**** Records for this task
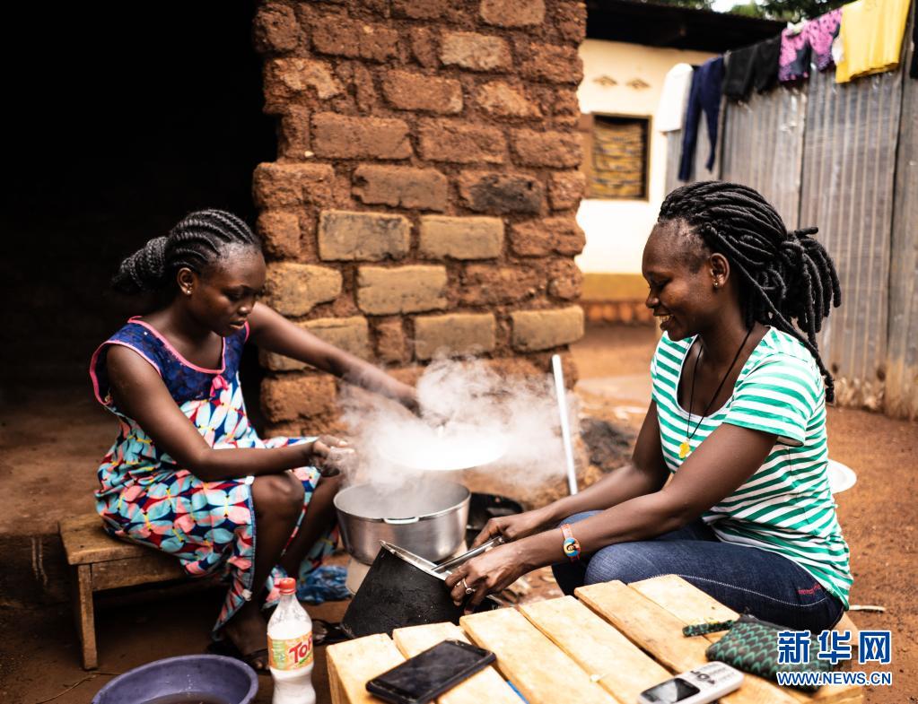 7月20日,當(dāng)?shù)厝嗽谥蟹枪埠蛧?guó)首都班吉郊區(qū)烹飪蟲子。
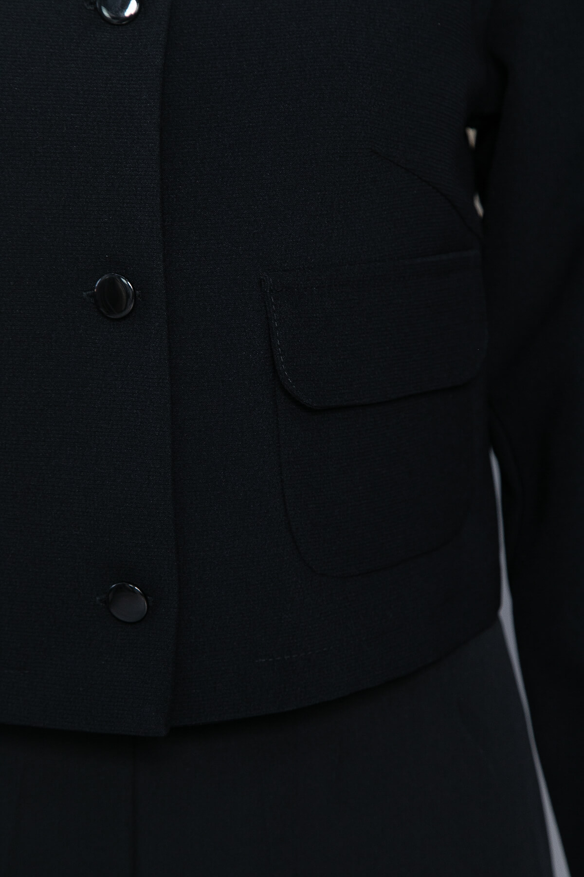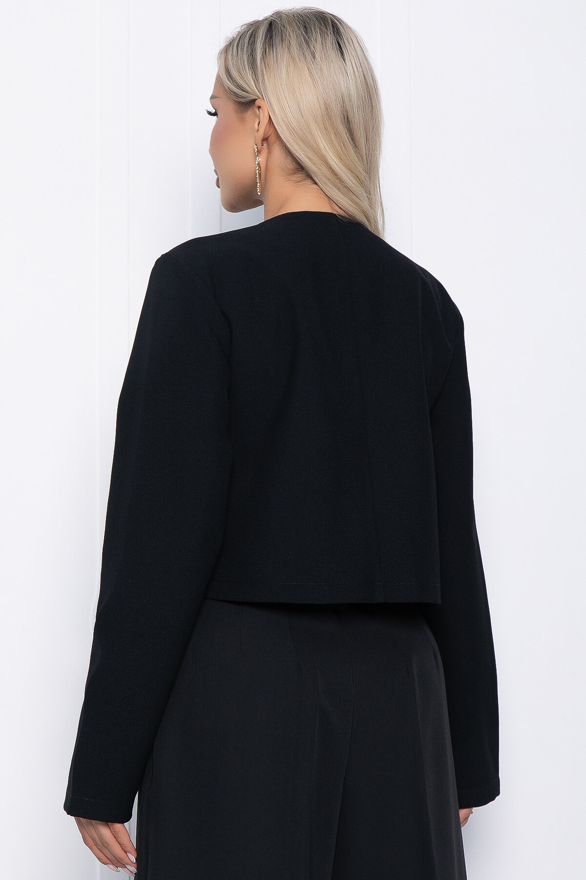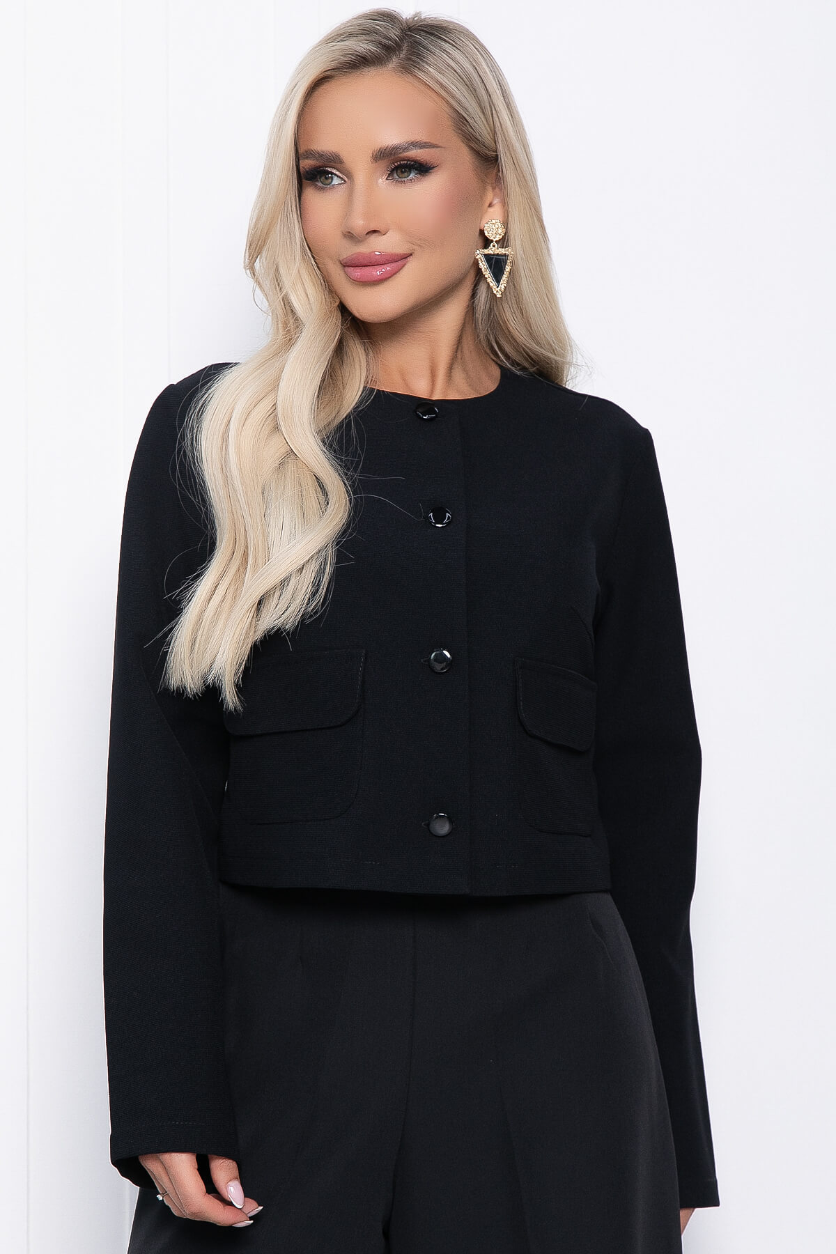 Укороченный жакет в чёрном оттенке идеален для любого сезона: осени, весны, лета и зимы! Жакет с накладными карманами универсален, поэтому будет отлично сочетаться с платьями, юбками и брюками. Жакет застёгивается на акцентные пуговицы. Длинный втачной рукав.
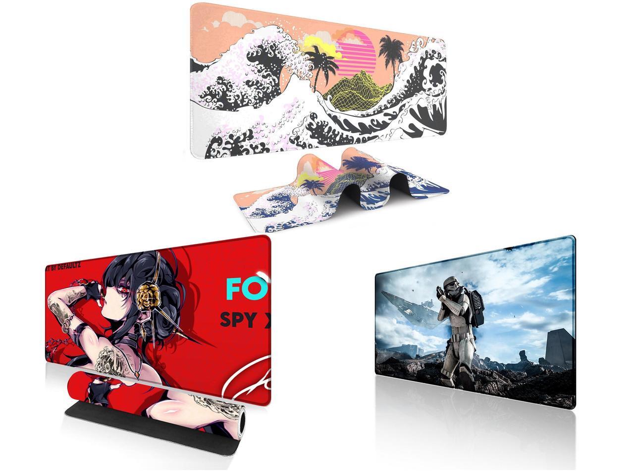 Alpha Fit Orange Sunset Great Wave Gaming Mouse Pad XXL (35.4" x 15.7") - Warm Golden Hour Japanese Art Desk Mat - Lofi Aesthetic Extended Pad and 1 x Alpha Fit Anime Gaming Mouse Pad XXL (35.4" x 15.7") - Red Rose Assassin Girl - Large Mouse Pad Extended - Extra Large Gaming Mouse Pads Secret Agent Style - 11 and 1 x Alpha Fit Star Wars Gaming Mouse Pad XXL (31.5" x 11.8") - Imperial Stormtrooper & Star Destroyer Battle Art - Large Extended Desk Mat - Non-Slip Rubber Base for PC & Laptop Gaming Setup
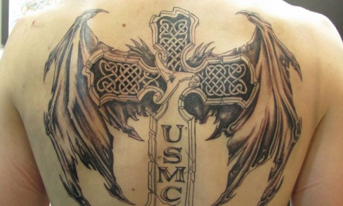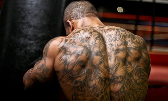 Tattoo on the back has two significant drawbacks: the back has along the spine a number of nerve endings, in connection with which the process of drawing will be painful, in addition it is necessary to remember that to look after the tattoo itself is extremely difficult.
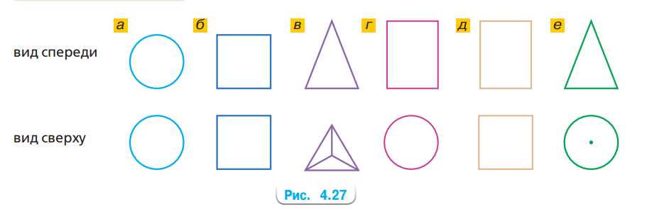 г) Фигура г спереди выглядит как прямоугольник, а сверху — как круг. Это характерно для цилиндра, который ограничен сверху и снизу кругами — основаниями цилиндра. Боковая поверхность цилиндра развёртывается в прямоугольник. Вид спереди показывает высоту и ширину цилиндра, а вид сверху — круглое основание. Следовательно, фигура г — цилиндр.
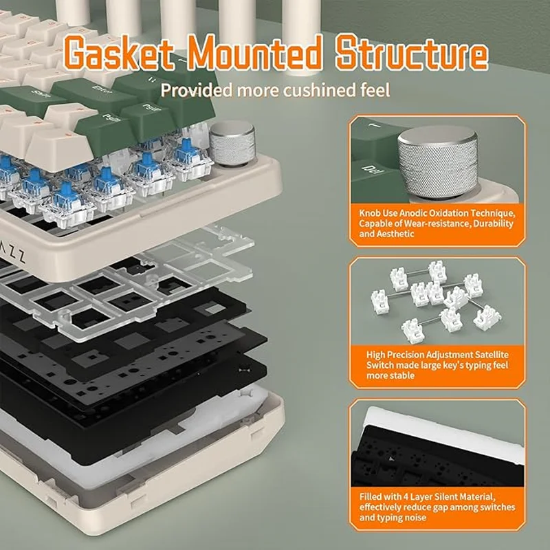 Gasket mount, flex-cut PC plate & sound-absorbing foam: A gasket-mounted structure isolates the plate from the case to reduce vibration. Combined with a flex-cut PC mounting plate and four layers of sound-dampening material, it delivers a consistent, satisfying typing feel and sound.
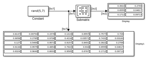 Блок Submatrix извлекает непрерывную субматрицу, y, от M-by-N входная матрица u. Для получения дополнительной информации о выборе строк и столбцов, чтобы извлечь, см. Опции Спецификации Области значений.
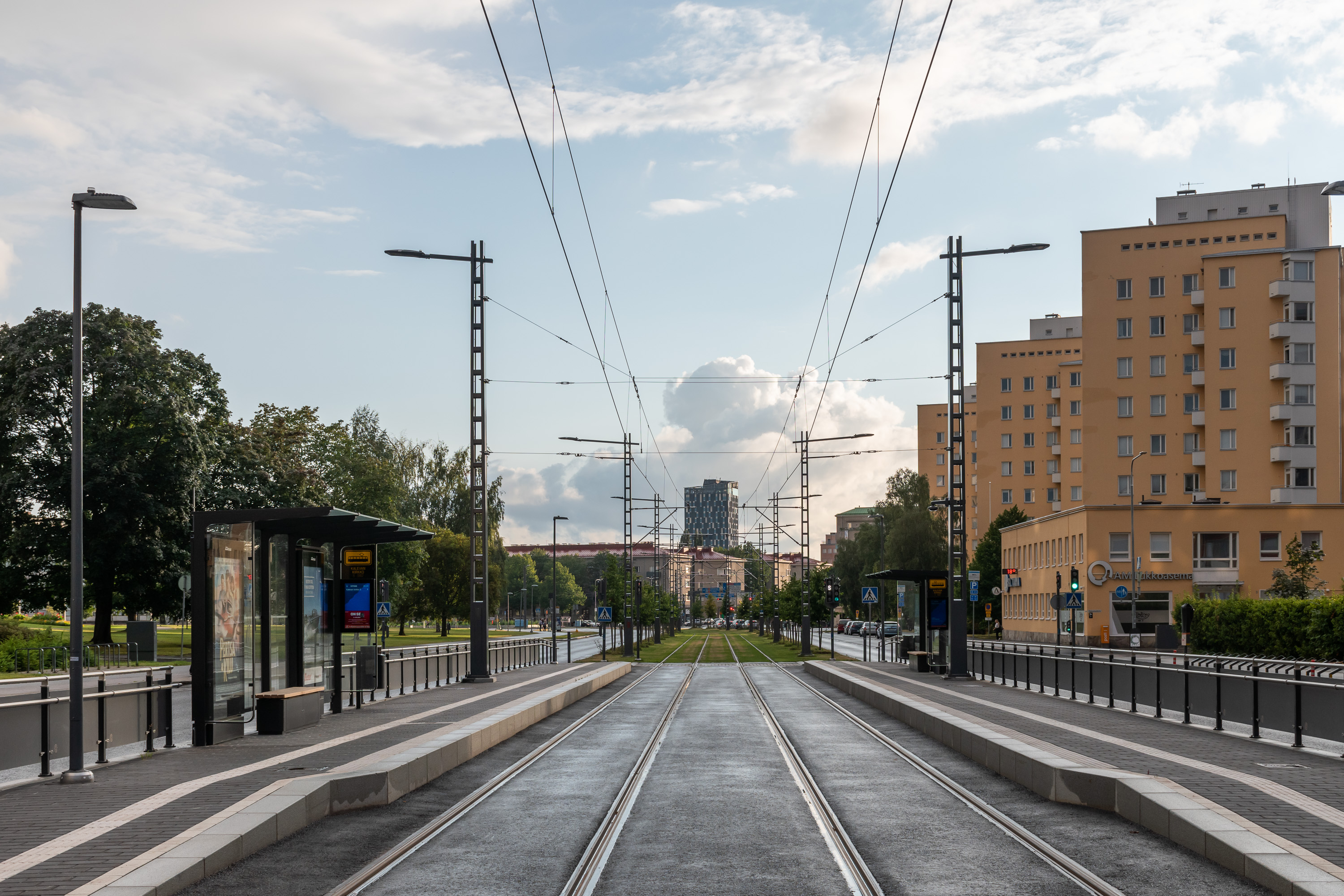 32. За следующим перекрестком трамвайные пути, шедшие с краю улицы из-за туннеля под ж/д, перемещаются в середину проезжей части. Как и на Пирканкату, раньше это была четырехполосная улица, где две полосы были выделенными для автобусов.
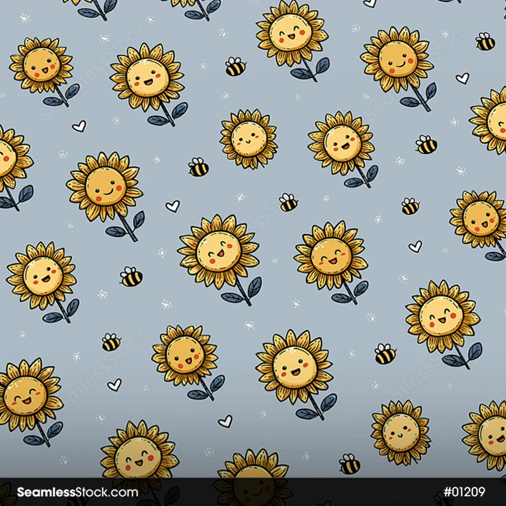 Add a burst of joy to your work with this Cute Sunflowers Seamless Pattern! Perfect for floral decor, bright fabrics, and whimsical seasonal accessories. 🌻💛
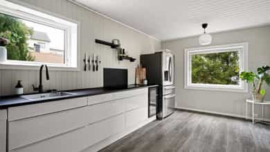 Følgende hvitevare følger ikke med handelen: Kjøleskap, mikro og vaskemaskin i øvre etasje.
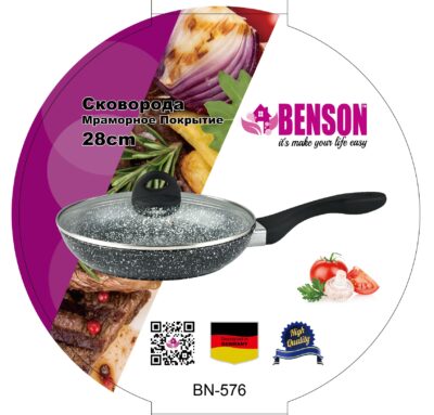 Износостойкое гранитное покрытие, которое позволяет пользоваться металлическими аксессуарами; бакелитовая ручка с мягким не скользящим покрытием — можно не использовать прихватки, антидеформационный индукционный диск.
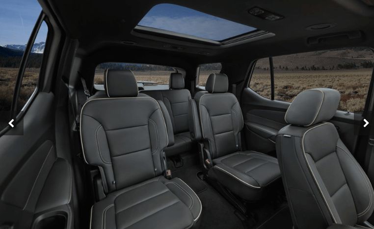 트래버스는 두 번째 열 벤치 시트가 장착되면 8명을 수용할 수 있으며, 두 번째 열 캡틴의 의자가 있는 모델에서 최대 7명을 수용할 수 있습니다. 첫 번째와 두 번째 열은 승객에게 충분한 머리와 다리 공간을 제공하며, 시트는 특히 앞쪽에서 편안하게 패딩 되어 있다. 세 번째 열은 공간이 좁지만, 짧은 여행에서 성인들을 수용할 수 있습니다.
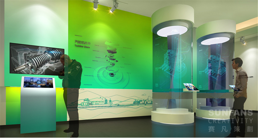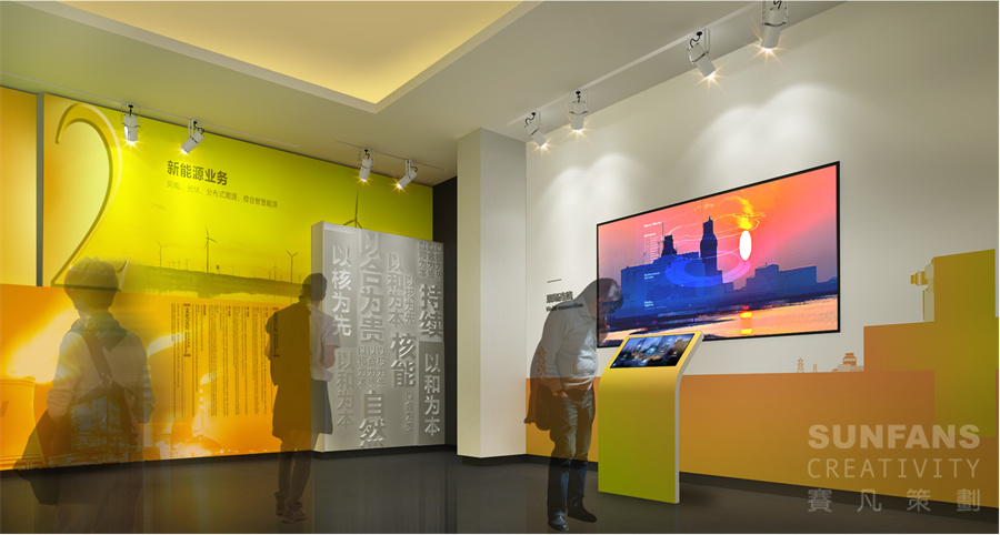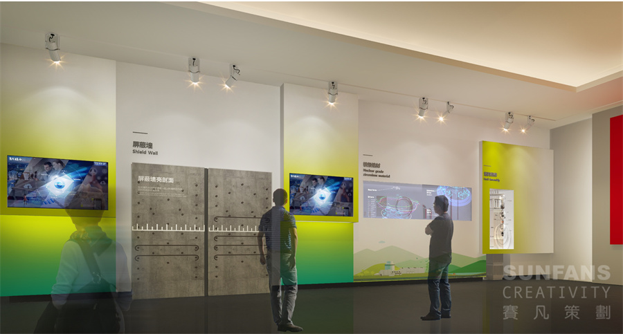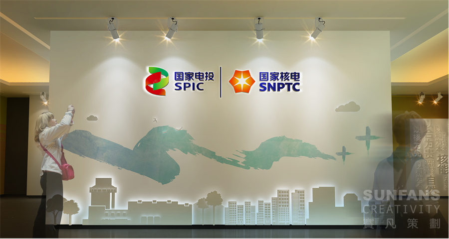 整個展廳以“合”與“+”作為設計元素,意寓著百尺竿頭更進一步,將“+”、自然環(huán)保、核電、智慧型城市等元素以畫卷的形式呈現(xiàn)在形象墻上,烘托國家核電的發(fā)展理念,為整個展廳奠定了整個基調。
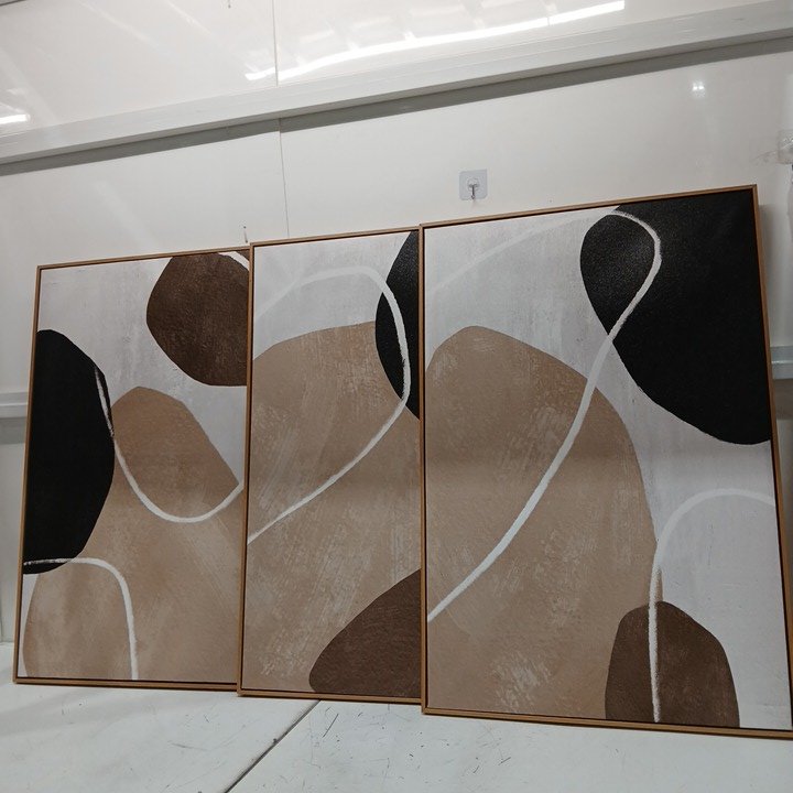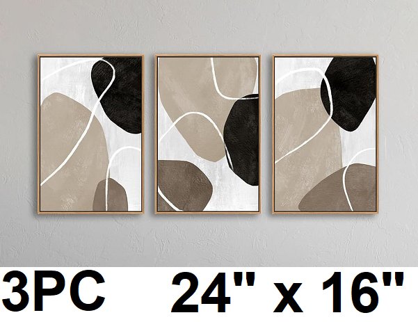 3pc Minimalist Abstract Boho Wall Art - 24" x 16" - brown/white
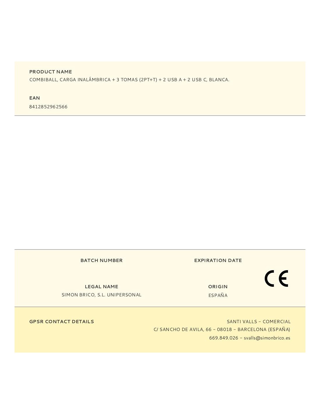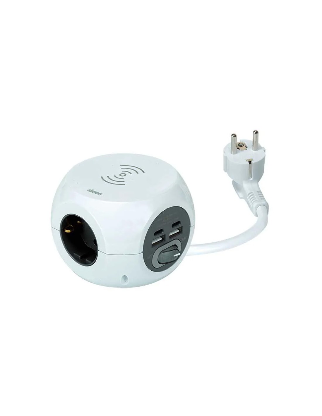Base múltiple combiball con carga inalámbrica + 3 tomas 2 pt+t schuko + 2 usb a + 2 usb c. cable 1,4 m 16a. 3.680 w max. blanca. 100 x 95 x 73 mm
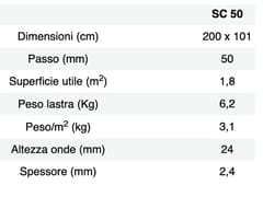 La lastra sottotegola SC50 è composta da un monostrato di colore rosso a base di fibre organiche bitumate e resinate con profilo ondulato per l’alloggio dei coppi di copertura in laterizio.
********
Required work> Retype the records above word for word, from their first line through the line containing "г) Фигура г", and leave out every picture.

Result of this task>
 7月20日,當(dāng)?shù)厝嗽谥蟹枪埠蛧?guó)首都班吉郊區(qū)烹飪蟲子。
 Укороченный жакет в чёрном оттенке идеален для любого сезона: осени, весны, лета и зимы! Жакет с накладными карманами универсален, поэтому будет отлично сочетаться с платьями, юбками и брюками. Жакет застёгивается на акцентные пуговицы. Длинный втачной рукав.
 Alpha Fit Orange Sunset Great Wave Gaming Mouse Pad XXL (35.4" x 15.7") - Warm Golden Hour Japanese Art Desk Mat - Lofi Aesthetic Extended Pad and 1 x Alpha Fit Anime Gaming Mouse Pad XXL (35.4" x 15.7") - Red Rose Assassin Girl - Large Mouse Pad Extended - Extra Large Gaming Mouse Pads Secret Agent Style - 11 and 1 x Alpha Fit Star Wars Gaming Mouse Pad XXL (31.5" x 11.8") - Imperial Stormtrooper & Star Destroyer Battle Art - Large Extended Desk Mat - Non-Slip Rubber Base for PC & Laptop Gaming Setup
 Tattoo on the back has two significant drawbacks: the back has along the spine a number of nerve endings, in connection with which the process of drawing will be painful, in addition it is necessary to remember that to look after the tattoo itself is extremely difficult.
 г) Фигура г спереди выглядит как прямоугольник, а сверху — как круг. Это характерно для цилиндра, который ограничен сверху и снизу кругами — основаниями цилиндра. Боковая поверхность цилиндра развёртывается в прямоугольник. Вид спереди показывает высоту и ширину цилиндра, а вид сверху — круглое основание. Следовательно, фигура г — цилиндр.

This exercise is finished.